If you want more freedom and customize your feature engineering, you can use `sam.feature_engineering.FeatureEngineering` to create your own feature engineering transformer from a feature engineering function. This class provides methods to make sure the interface is compatible with sam models.


In [3]:
from sam.feature_engineering import FeatureEngineer

def my_feature_engineering(X, y=None):
    """Don't forget documentation
    """
    X_out = X.copy()
    X_out = X_out[["water_temperature", "turbidity"]]
    X_out['my_feature'] = X_out['water_temperature'].rolling(window=24).mean().pow(2)
    return X_out

my_fe = FeatureEngineer(my_feature_engineering)

my_fe.fit_transform(data)

Unnamed: 0_level_0,water_temperature,turbidity,my_feature
TIME,Unnamed: 1_level_1,Unnamed: 2_level_1,Unnamed: 3_level_1
2014-06-15 00:00:00,16.6,0.85,
2014-06-15 01:00:00,16.3,0.87,
2014-06-15 02:00:00,16.1,0.79,
2014-06-15 03:00:00,15.9,0.76,
2014-06-15 04:00:00,15.7,0.77,
...,...,...,...
2014-07-15 16:00:00,18.7,2.48,342.250000
2014-07-15 17:00:00,18.7,2.48,341.325625
2014-07-15 18:00:00,18.7,2.48,340.556267
2014-07-15 19:00:00,18.8,2.80,340.248767


## Customized feature engineering class

If a single function does not fit your needs, you can create your own feature engineering class.

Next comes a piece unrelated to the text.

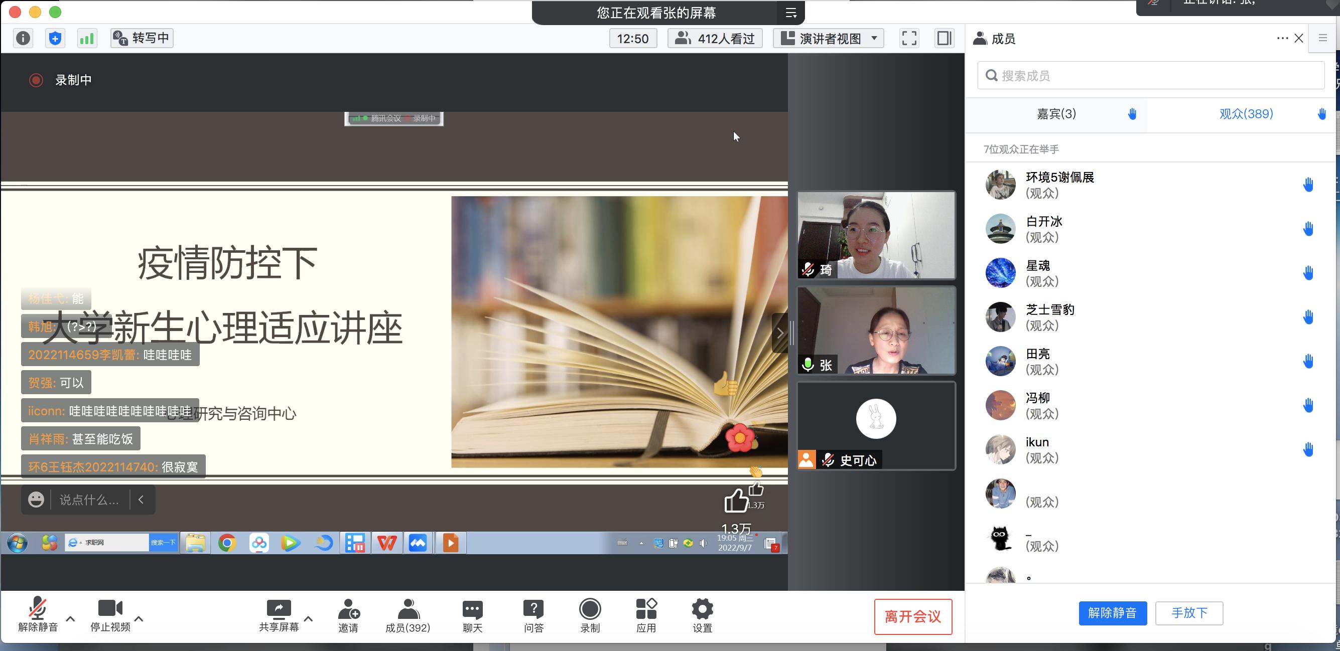 2022年9月7日19:00,为提升大学新生心理健康素养,解决同学们在生活中的困难,使同学们更好更快地适应疫情防控下的大学生活,肉番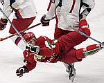 Со словаками в Швеции белорусы уже встречались: подопечные Яна Яшко проверили нашу готовность в преддверии форума в местечке Лонгсхиттон. Тогда дружина Эдуарда Занковца, измученная тяжелой дорогой, потерпела поражение — 3:5. Правда, и вчера было не легче: накопленная хоккеистами за турнир усталость чувствовалась на протяжении всего матча.

By creating a subclass of `sam.feature_engineering.BaseFeatureEngineer`, you can implement your own feature engineering function. You only need to implement the `feature_engineer_` method. If you want to fit certain parameters, you can implement the `fit` method as well. Check the current implementation of `BaseFeatureEngineer` or `SimpleFeatureEngineer` for an example.